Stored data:
════════

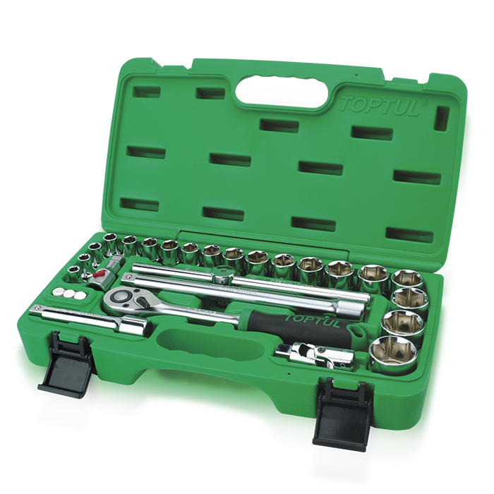 Juego llave carraca 1/2″ + vasos 6c (28 pzas.)
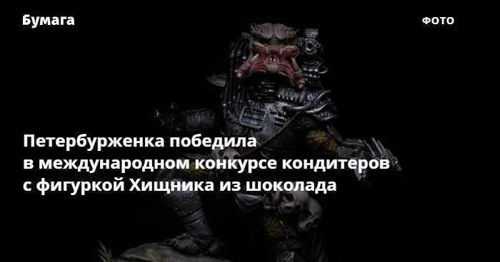 Петербурженка Татьяна Холодцова победила в международном конкурсе Cake International в номинации «декоративные статуэтки». Она изготовила детализированную фигуру Хищника из пластичного шоколада. «Бумага» показывает работу кондитера.
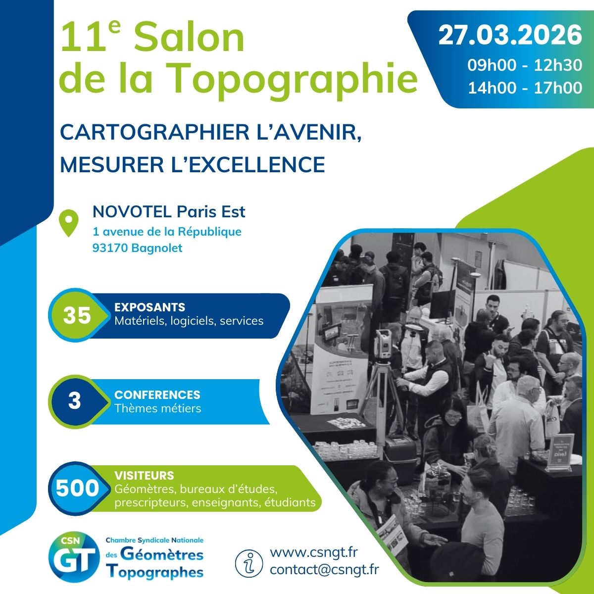 La CSNGT organise le 11e Salon de la Topographie, qui se déroulera à Paris le 27 mars 2026. Cet événement phare rassemblera les professionnels du secteur pour échanger, découvrir les dernières innovations et approfondir leurs connaissances. Ne manquez pas cette occasion unique de vous connecter avec des experts et de participer à des conférences enrichissantes !
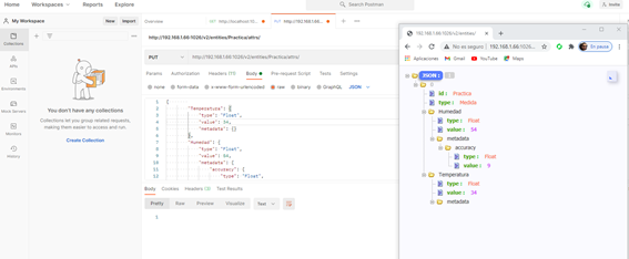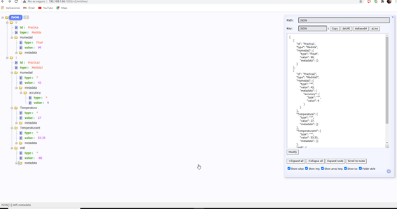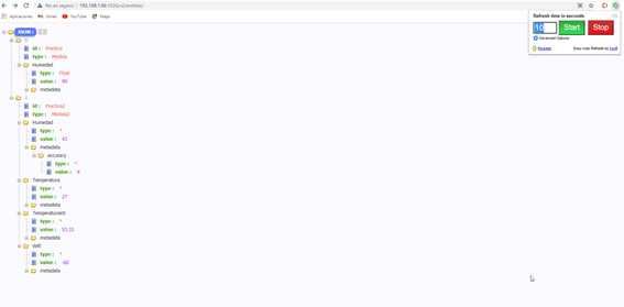 -Desde un navegador Chrome con las extensiones json y refresh nos iremos a http://192.168.1.66:1026/v2/entities/ podemos comprobar que se ha actualizado
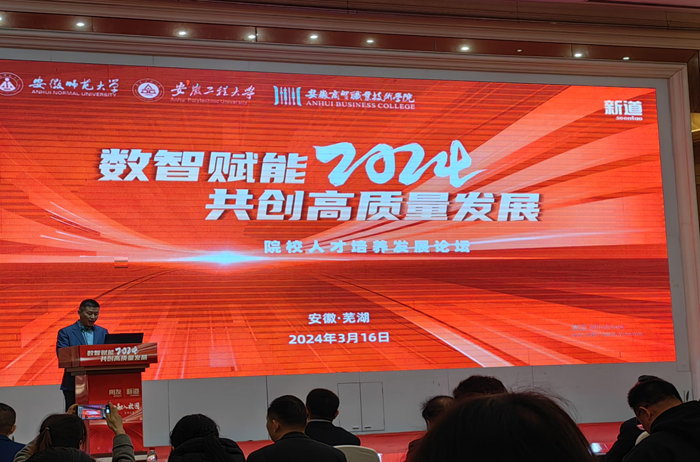 为进一步推动学科专业建设,促进商科专业数智化转型,3月16日,财经学院会计学教研室主任张淑英和财务管理教研室主任钟德仁两位老师参加了在芜湖举办的“数智赋能,2024共创高质量发展院校人才培养发展论坛”。此次会议由安徽师范大学和安徽工程大学主办、DUOBAO.COM联合主办,新道科技有限公司承办。会议邀请安徽师范大学副校长熊宇杰、安徽工程大学副校长周虹屏、安徽商贸职业技术学院党委副书记王炜等以及新道科技的行业专家进行专题的分享。
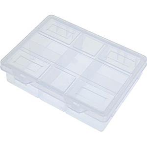 Caja de plástico para ordenación en el hogar. En su interior contiene varios separadores para una mayor ordenación. Ideal para almacenar accesorios de costura, joyas o pequeños artículos. Medidas: 20X16cm.

════════

### Aim of the task
Pictures aside, reproduce all of the data exactly.

### Solution
 Juego llave carraca 1/2″ + vasos 6c (28 pzas.)
 Петербурженка Татьяна Холодцова победила в международном конкурсе Cake International в номинации «декоративные статуэтки». Она изготовила детализированную фигуру Хищника из пластичного шоколада. «Бумага» показывает работу кондитера.
 La CSNGT organise le 11e Salon de la Topographie, qui se déroulera à Paris le 27 mars 2026. Cet événement phare rassemblera les professionnels du secteur pour échanger, découvrir les dernières innovations et approfondir leurs connaissances. Ne manquez pas cette occasion unique de vous connecter avec des experts et de participer à des conférences enrichissantes !
 -Desde un navegador Chrome con las extensiones json y refresh nos iremos a http://192.168.1.66:1026/v2/entities/ podemos comprobar que se ha actualizado
 为进一步推动学科专业建设,促进商科专业数智化转型,3月16日,财经学院会计学教研室主任张淑英和财务管理教研室主任钟德仁两位老师参加了在芜湖举办的“数智赋能,2024共创高质量发展院校人才培养发展论坛”。此次会议由安徽师范大学和安徽工程大学主办、DUOBAO.COM联合主办,新道科技有限公司承办。会议邀请安徽师范大学副校长熊宇杰、安徽工程大学副校长周虹屏、安徽商贸职业技术学院党委副书记王炜等以及新道科技的行业专家进行专题的分享。
 Caja de plástico para ordenación en el hogar. En su interior contiene varios separadores para una mayor ordenación. Ideal para almacenar accesorios de costura, joyas o pequeños artículos. Medidas: 20X16cm.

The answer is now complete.